What Is Batch Processing?

Let me explain batch processing directly: it's when you process transactions in a group or batch, and once it starts, no user interaction is needed. This sets it apart from transaction processing, where you handle things one by one and often need user input.

You can run batch processing anytime, but it's especially useful for end-of-cycle tasks, like generating a bank's daily reports or handling monthly payrolls.

Key Takeaways

Batch processing is a technique I want you to understand for automating multiple transactions as one group. It manages tasks such as payroll, end-of-month reconciliations, or overnight trade settlements. Over time, these systems save money and labor, though designing and implementing them can be costly upfront.

Understanding Batch Processing

For large enterprises, batch processing became standard in the mid-20th century with mainframe computers, where you'd feed stacks of punched cards with commands into the system.

Herman Hollerith developed the punch card around 1890 while working for the U.S. Census Bureau, and it laid the groundwork for batch processing decades later.

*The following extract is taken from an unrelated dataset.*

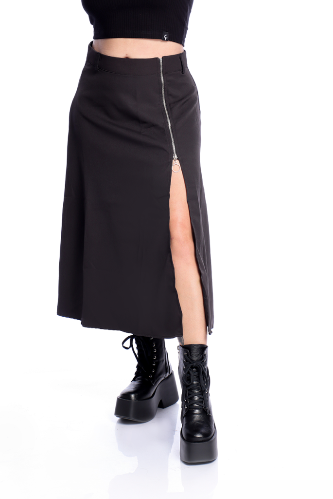 Com uma fenda lateral impactante, seu fechamento é feito atráves do zíper de metal com um puxador incrível de argola niquelada, trazendo mais peso para a peça. Possui passantes no cós para poder ser estilizada com cintos ou correntes.
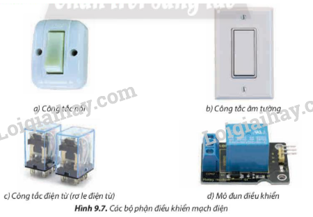 Nêu tên các bộ phận và phạm vi ứng dụng của các loại công tắc trong hình 9.7

You run batch jobs on schedules, like overnight, or as needed. For instance, monthly utility bills are often generated this way. It's cost-effective for large data volumes, but remember, if inputs are wrong, the entire batch fails, wasting time and money.

History of Batch Processing

Batch processing features minimal human intervention, which is key to its efficiency, though it wasn't always so automated.

It began with punch cards tabulated into computer instructions, processed in entire decks at once. Herman Hollerith created this for the 1890 U.S. Census; cards were punched manually and read by electromechanical devices. He patented it as the 'Electronic Tabulating Machine' and helped form what became IBM.

Today, batch processing is fully automated to trigger on time conditions. Some tasks run immediately, others in real-time with monitoring. If issues arise, the system alerts personnel via exception-based management, freeing up managers for other work.

The software uses monitors and dependencies to spot exceptions, like customer orders or supply requests, starting the process accordingly.

Advantages of Batch Processing

Batch processing is faster and cheaper because it reduces labor and equipment needs by minimizing human oversight and hardware use. It's quick, efficient, and error-free by design, so you can focus on other tasks.

These systems work anytime, anywhere, even outside business hours or offline, without disrupting daily routines.

With a hands-off approach, managers don't supervise batches; alerts handle problems, letting staff do their jobs.

Disadvantages of Batch Processing

Before implementing, consider the drawbacks. Deployment requires training on triggers, scheduling, and exception notifications.

Debugging complex systems means you need staff familiar with them or hire IT specialists.

The infrastructure involves a significant upfront cost, which might not be feasible for some businesses.